When I first began teaching gender violence in my Latin American studies classes in 2018, Mexico saw seven femicides – the legal term for the murder of a woman – a day. This year, on average, 10 Mexican women are murdered every day.
In February, just before the pandemic hit, two gruesome killingsthat took place days apart in Mexico City made national headlines.
Midmonth, 25-year-old Ingrid Escamilla was murdered, skinned and partially disemboweled. Her mutilated body became a public spectacle after police who responded at the scene leaked pictures that the media reproduced. Days later, seven-year-old Fátima Aldrighett – kidnapped while waiting for her mother to pick her up from school – was found naked in a plastic bag. Police identified signs of sexual abuse and torture.
While surveillance video resulted in the arrest of two people for Aldrighett’s case, Escamilla’s killing remains unsolved – a common outcome of murder investigations in Mexico.

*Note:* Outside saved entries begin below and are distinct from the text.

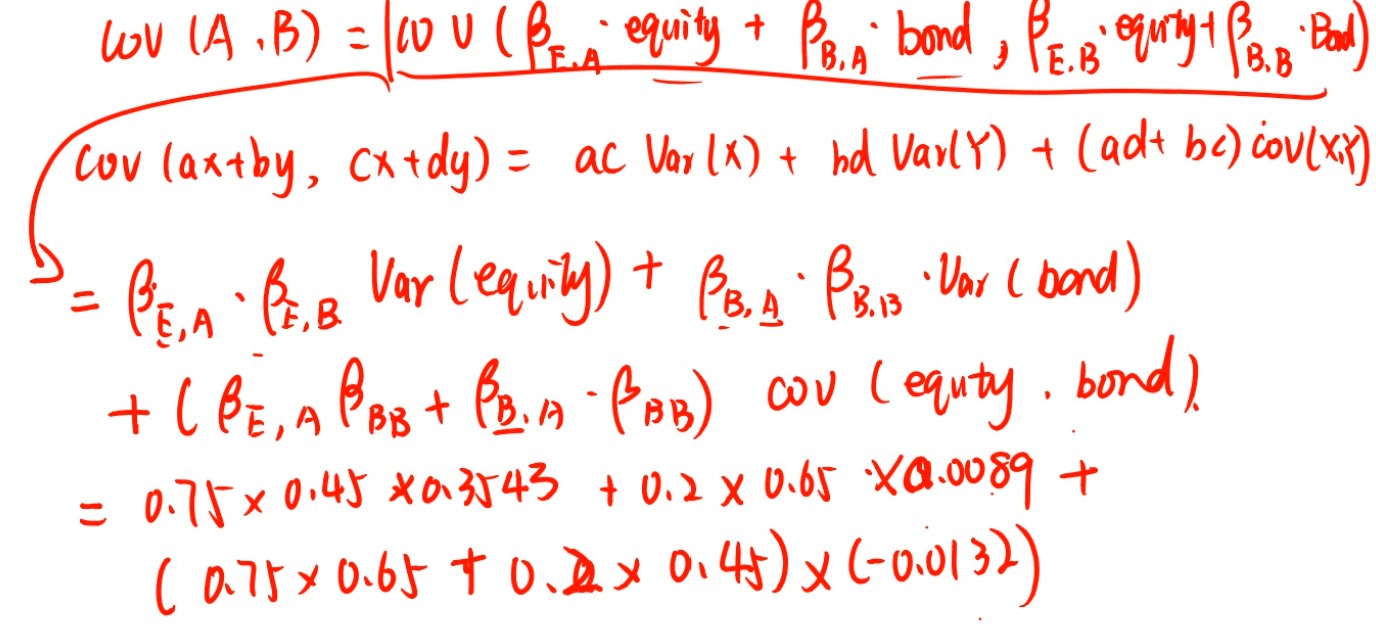 cov(ax+by, cx+dy)=ac*var(x)+bd*var(y)+(ad+bc)cov(x,y)
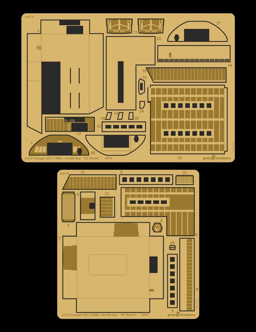 Photo etch Hangar bay for Intrepid class star ship of U.S.S. Voyager NCC-74656 for Revell kit from STAR TREK Voyager TV show
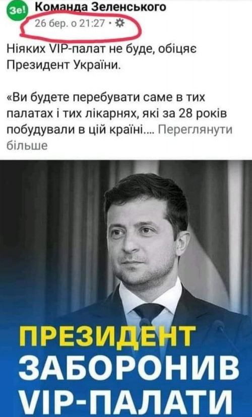"Ни у одного политика или бизнесмена в государственных и коммунальных больницах не будет лучших условий, чем у обычного украинца. Вы будете находиться именно в тех палатах и тех больницах, которые за 28 лет вы построили в этой стране", – написал украинский лидер. Спустя восемь месяцев его заявление приобрело совсем иной смысл. Источник
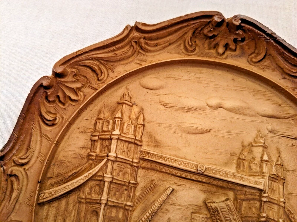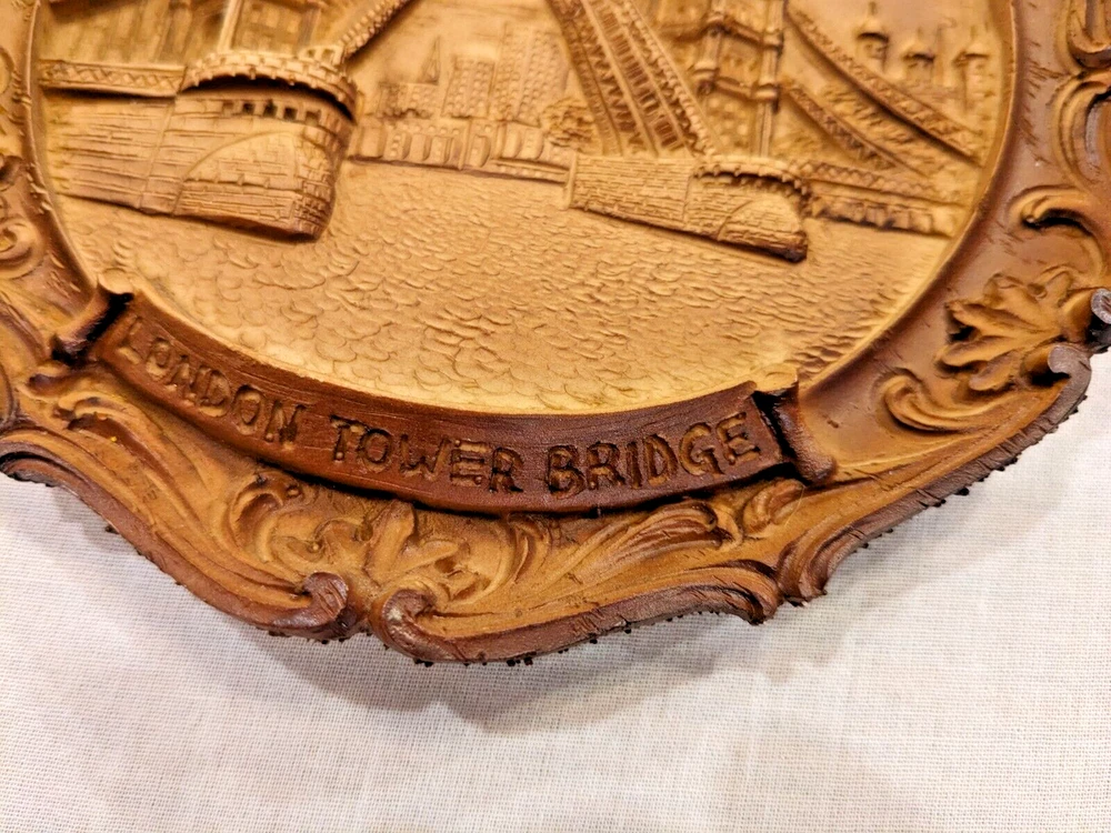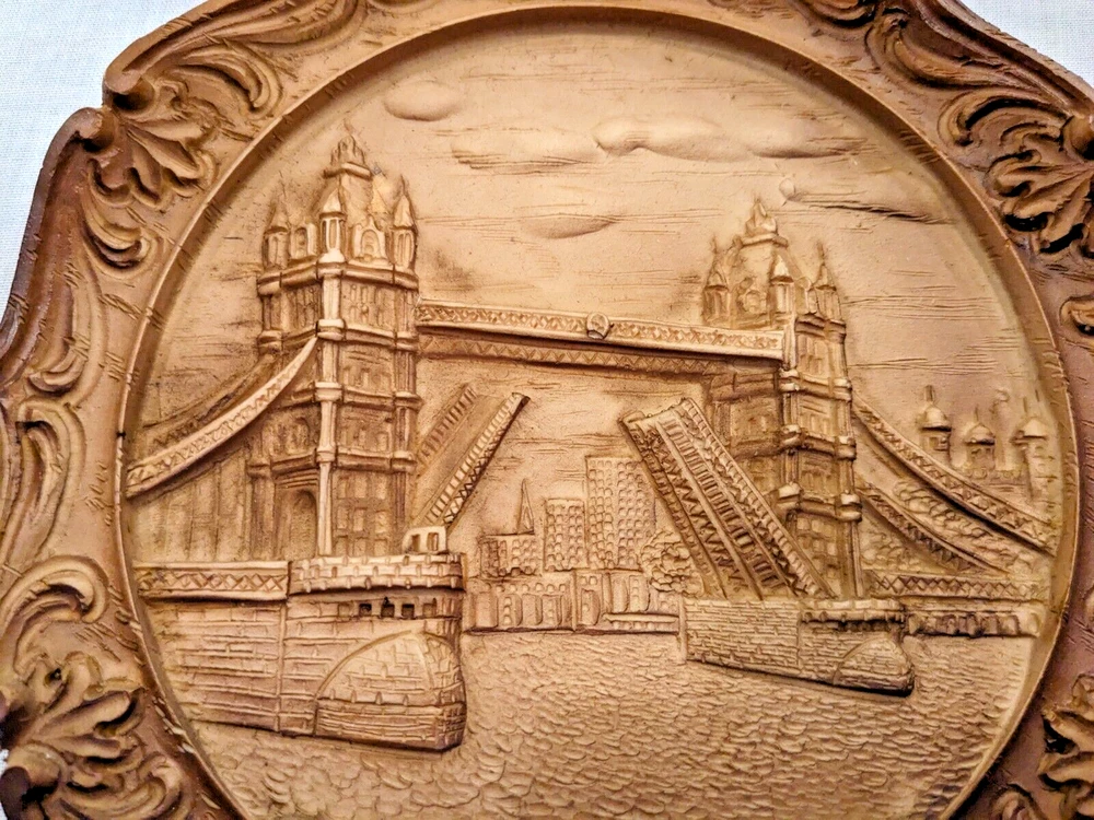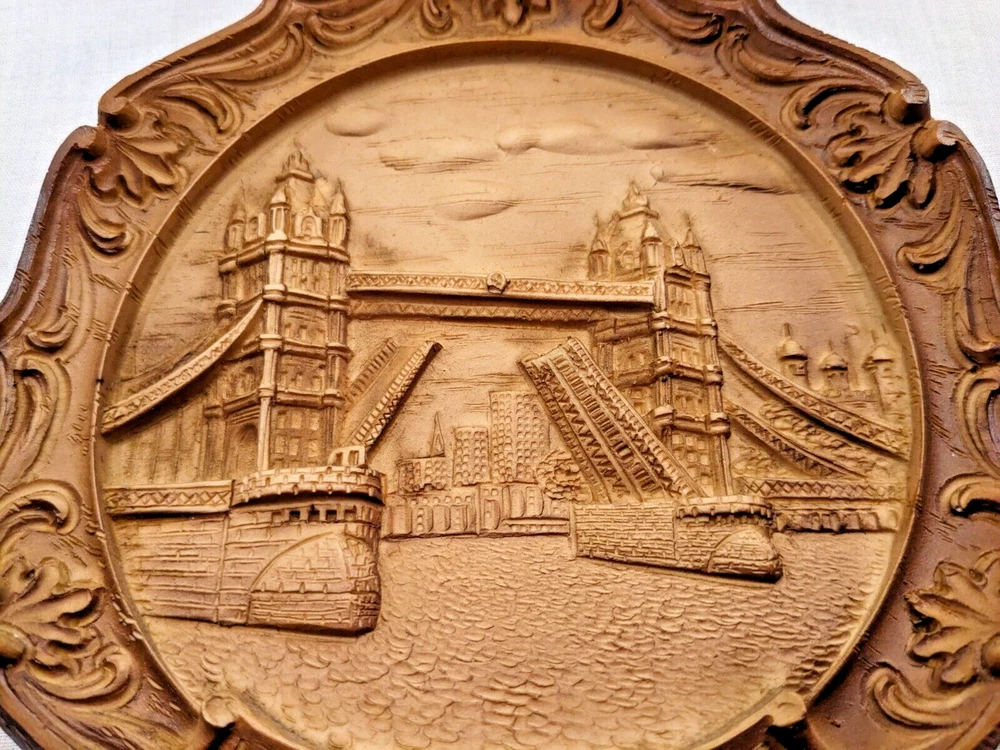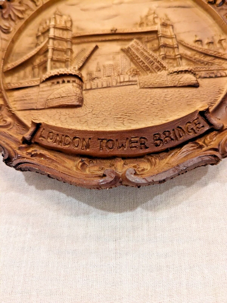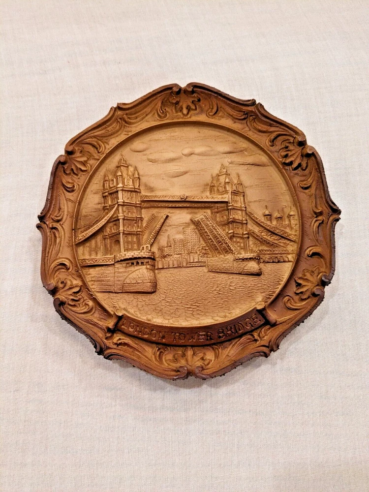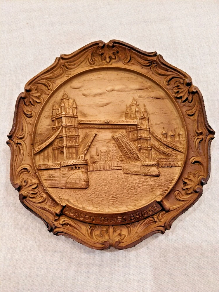 This is a vintage hand-carved wooden wall plaque with a diameter of 6 inches. The plaque features a round shape, brown color, and natural finish. It depicts the London Tower Bridge and has carvings on it. The plaque comes with the wall hanger already connected. Take a look at my Ebay store for more Vintage Collectibles,Home Decor, and Fashion Accessories/Clothing. Thank You and Happy Shopping!!!

After the two gruesome killings in one week, President Andres Manuel López Obrador blamed violence against women on the neoliberal policies of his right-wing predecessors and dismissed Mexico’s growing feminist movement as a plot orchestrated by his right-wing opposition.
The Mexican government’s dismissive response to femicides sparked intense criticism from feminists, and in March López Obrador’s administration unveiled a comprehensive plan to protect Mexican women. It promised to reopen government-funded domestic violence shelters and daycare facilities that were shuttered due to budget cuts last year and launch a smartphone app to report street harassment.
A day without women
Despite the proposal, on March 8, International Women’s Day, an estimated 80,000 to 120,000 women (according to official data, although feminist groups argue this number was closer to 120,000) marched in Mexico City and nationwide to demand that the government implement policies to protect women, take femicide investigations seriously and bring justice for victims and their families.
I am a scholar of gender and sexuality in Latin America, and the protest’s goals reminded me of the work of anthropologist Rita Segato, who insists that femicides cannot be seen as the act of lone, sick individuals. Rather, Segato says, women’s murders result from a larger system of oppression and control over women’s bodies.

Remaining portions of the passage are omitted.